EXERCISE AIM:
Below is a listing; retype exactly the line with "This unique handmade" and every line after it through the end, and only those, leaving out the pictures.

INPUT MATERIAL:
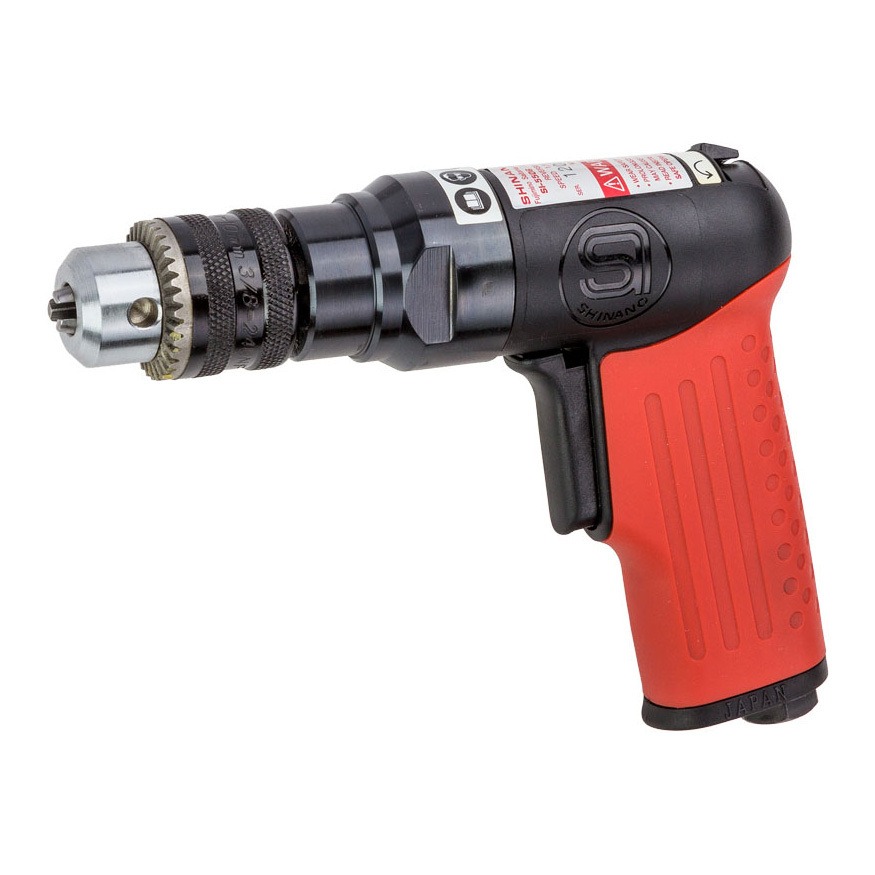 • Super light weight & compact design • 3/8″ capacity geared pistol grip drill • Solid composite body with moulded rubber grip • Comfortable grip with reduced vibration • Single hand operation of reverse lever Length: 115 mm Height: 135 mm Chuck Size: 10 mm Drilling Cap: 10 mm Spindle Size: 3/8 x 24 UNF Free Speed: 1,700 RPM Weight: 0.60 Kg Noise Level: 80 DBA (91 Pwr) Vibration A: 1.9 m/s2 K: 0.6 m/s2 Av Air Cons.: 2.4 CFM Output: 146 Watts
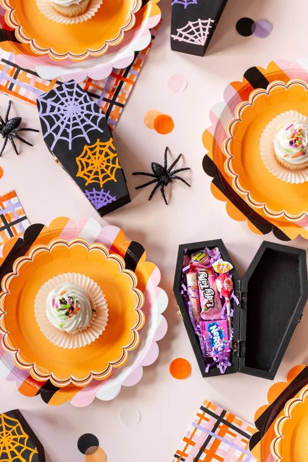 Furthermore, the integration of place cards—a staple of formal Victorian dining—into a "spooky" or "macabre" theme demonstrates the modern consumer’s penchant for "high-low" aesthetics. This blending of formal social etiquette with playful, seasonal themes is a hallmark of the millennial and Gen Z approach to hosting. The use of alphabet stickers to denote names inside the coffin lids reflects a broader trend toward "stealth personalization," where the custom element is a surprise discovered by the guest, thereby enhancing the user experience.
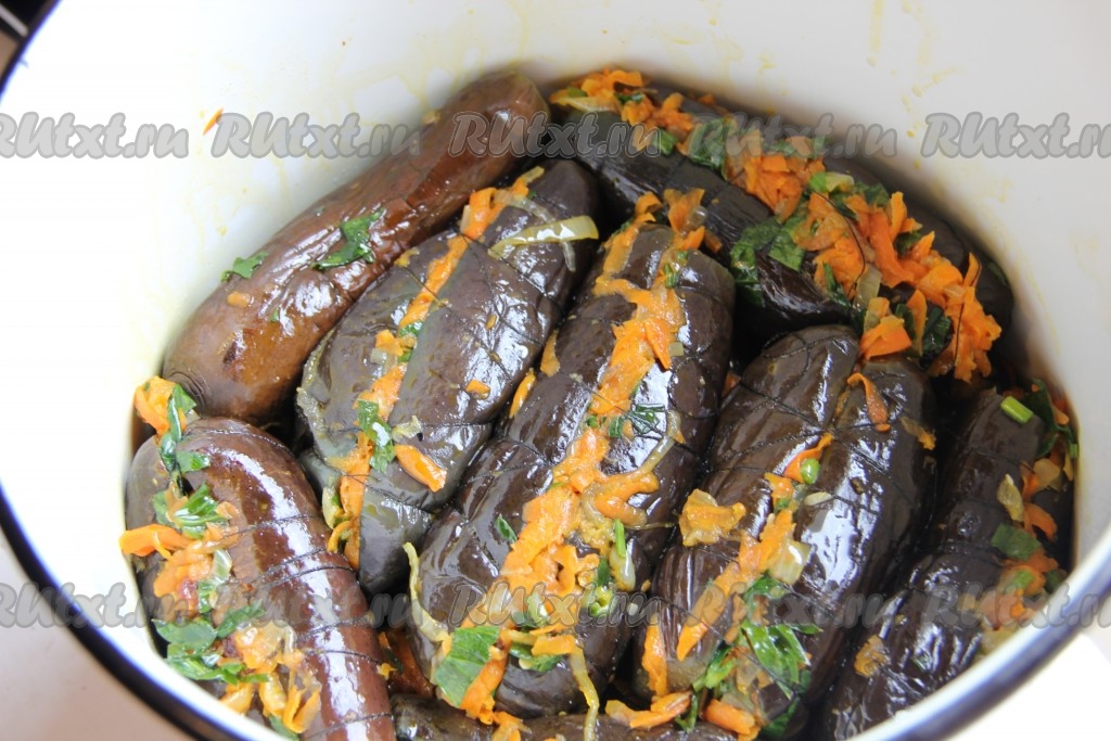 Каждый баклажан фаршируем полученной овощной массой и обматываем ниткой. Плотненько выкладываем баклажаны в миску (или кастрюльку), сверху ставим пресс. Через 2-3 часа масло должно покрыть наши баклажаны полностью. Если этого не произошло, добавьте сверху ещё масла.
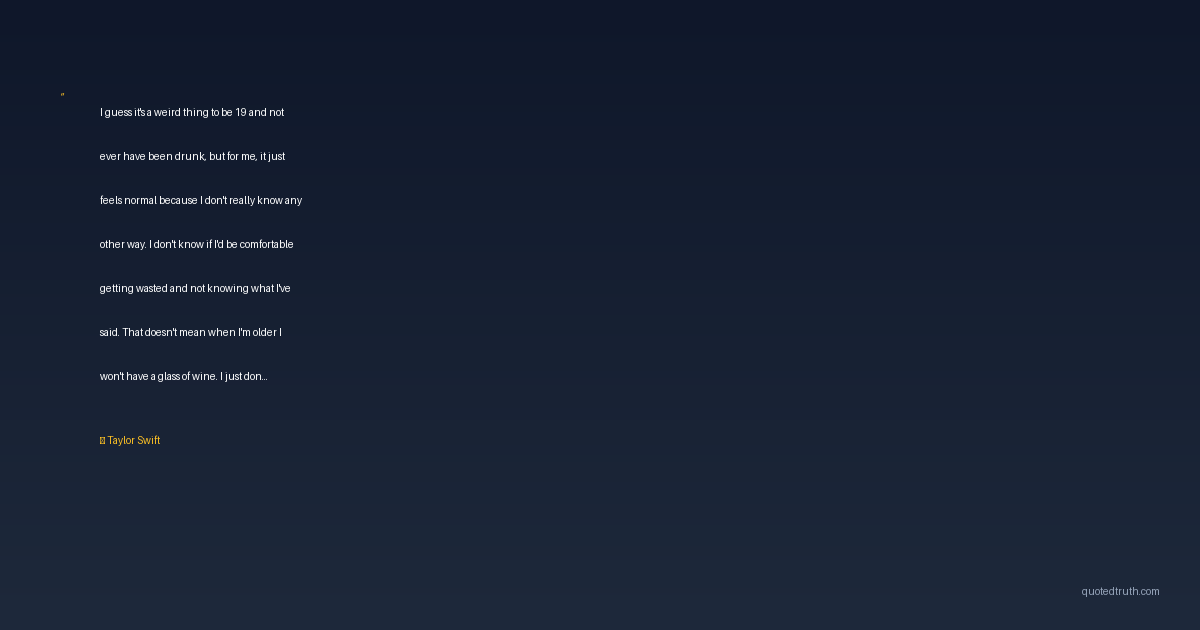 I guess it's a weird thing to be 19 and not ever have been drunk, but for me, it just feels normal because I don't really know any other way. I don't know if I'd be comfortable getting wasted and not knowing what I've said. That doesn't mean when I'm older I won't have a glass of wine. I just don't think it's such a strange thing for me not to be wasted all the time.
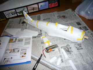 お決まりの胴体接着・・・今回は写真の1200mAhリポを使うので、接着前にバッテリースペースを広げておきました。
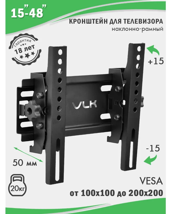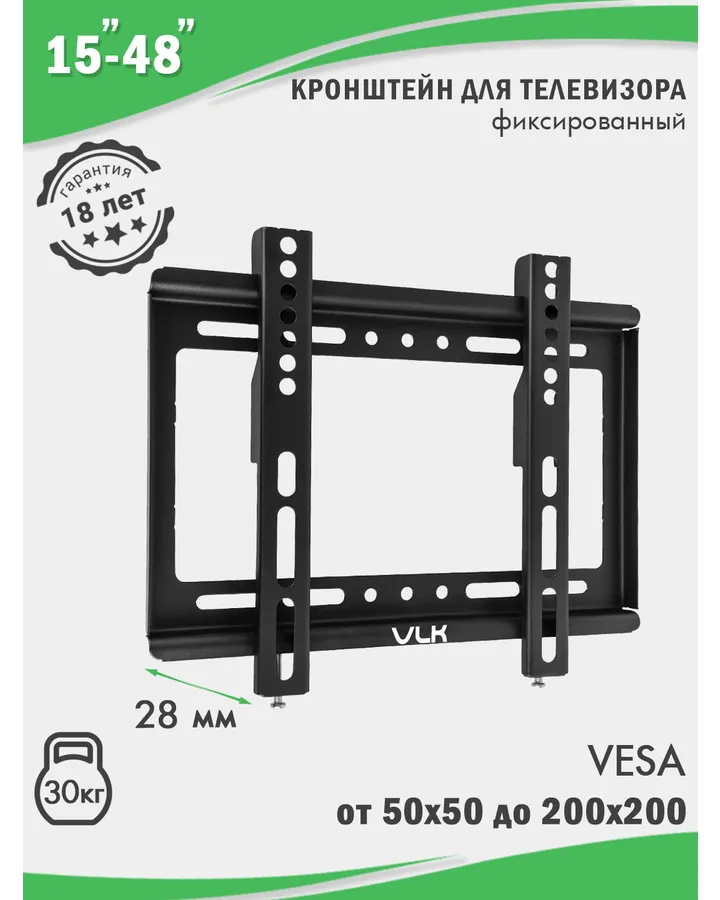 5Кронштейн для телевизоров VLK TRENTO-34Советую, качественный продукт на долгие десятилетия, оправдал все ожидания. Монтаж провел в одиночку и с успехом. Спасибо производителю, что наполнил комплектацию всеми крепежами и болтами, иначе бы пришлось потратить больше времени, если бы понадобилось что-то ещё докупать самостоятельно, рад, что обошлось без лишней суеты, купил и сразу всё повесил, делов минут на десять-пятнадцать. Телевизор идеально сошёлся с кронштейном, висит уверенно и не вызывает за свою сохранность никаких опасений. Думаю, он так провесит, пока сам не решусь снять, а я такого не планирую, ибо давно хотел повесить телевизор на стену, там ему самое место и удобно. К покупке товар рекомендую, в качестве убеждён, берите смело.
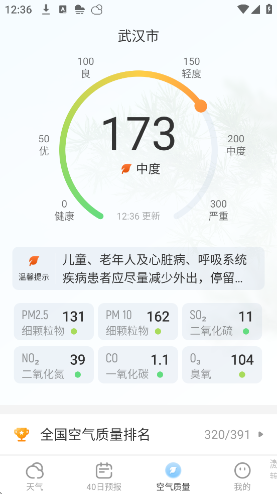 1、界面简洁美观,动态背景随天气变化,数据来源权威且支持多城市添加。
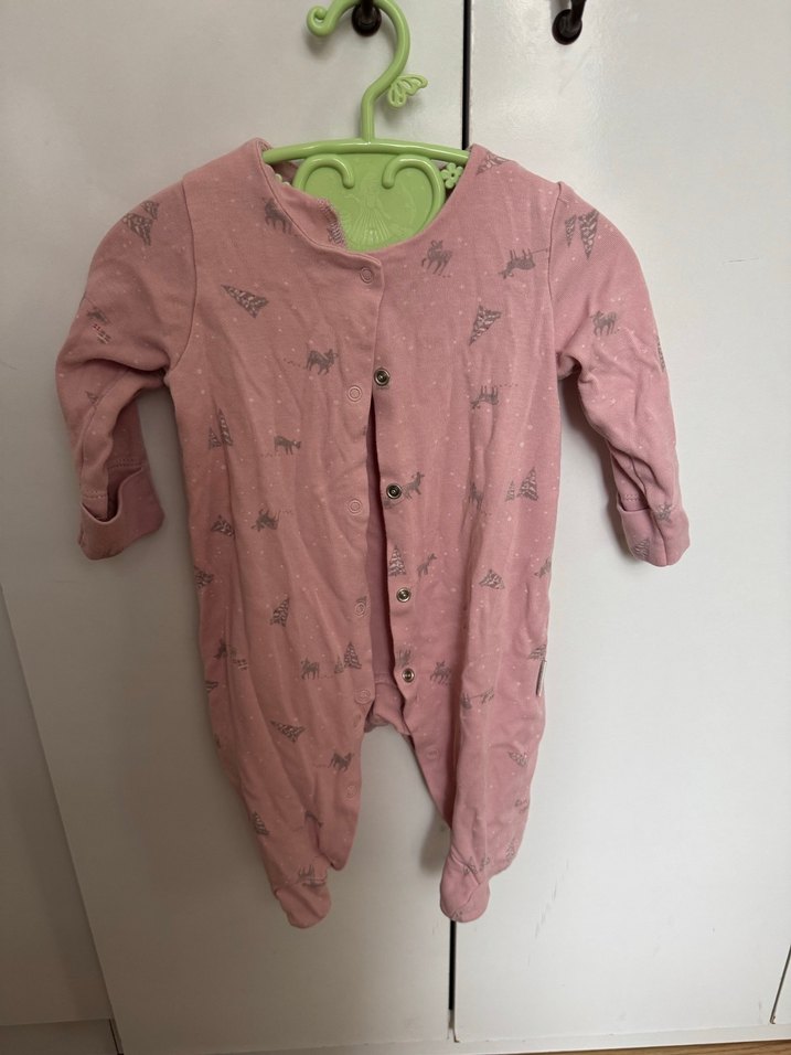 Pastel pembe renkli, düğmeli bebek kız tulumu. Yumuşak kumaş ve hafif baskılı detaylara sahip. 3-6 ay
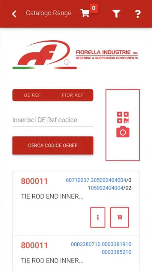 La ricerca del codice prodotto potrà essere effettuata anche scansionando con la app il codice a barre identificativo.
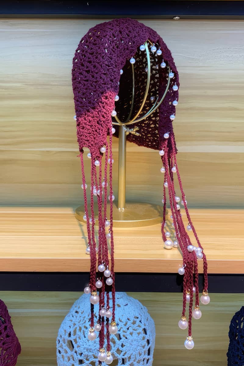 This unique handmade pearl tassel hollow cap is the perfect way to add a touch of style and sophistication to your outfit. Crafted with care and precision, this exquisite headwear is sure to be a conversation starter.
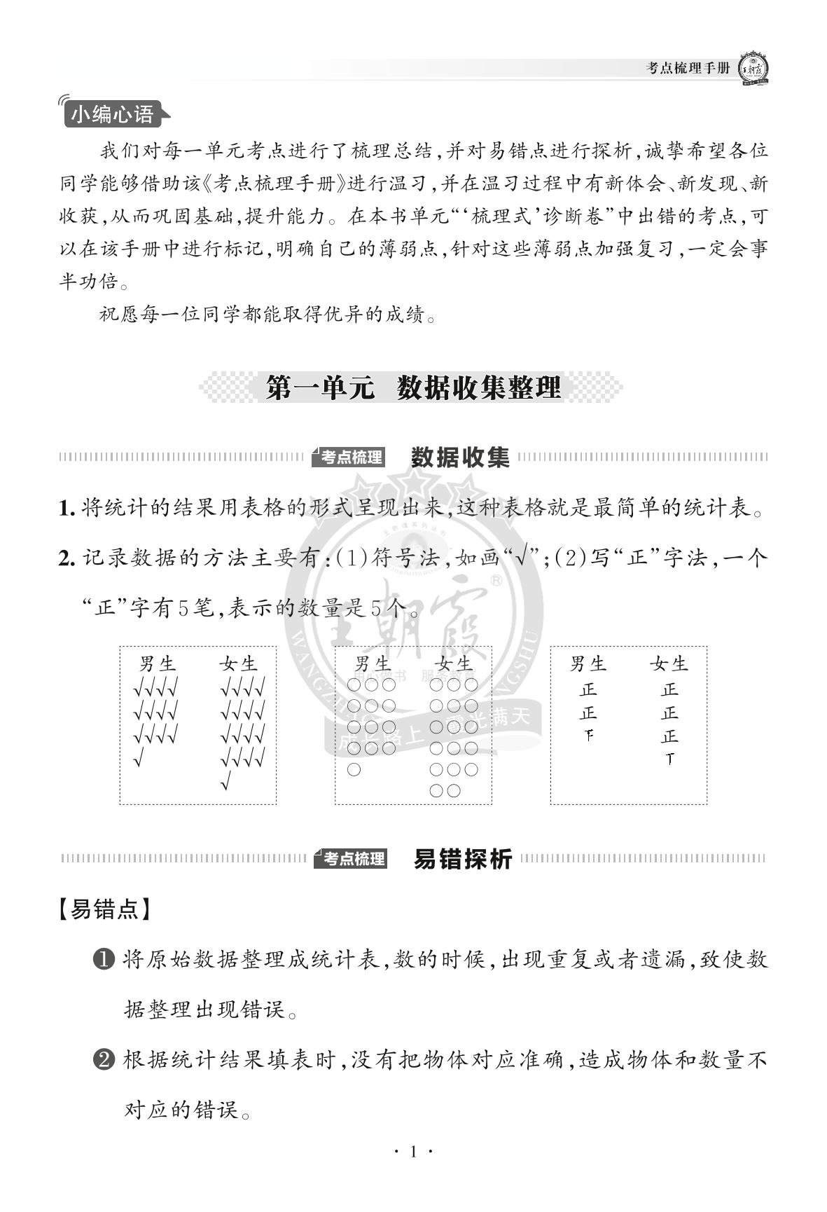 2022下册二年级数学人教版 考点梳理手册——第一单元 数据收集整理

SOLUTION FOR THIS PROBLEM:
 This unique handmade pearl tassel hollow cap is the perfect way to add a touch of style and sophistication to your outfit. Crafted with care and precision, this exquisite headwear is sure to be a conversation starter.
 2022下册二年级数学人教版 考点梳理手册——第一单元 数据收集整理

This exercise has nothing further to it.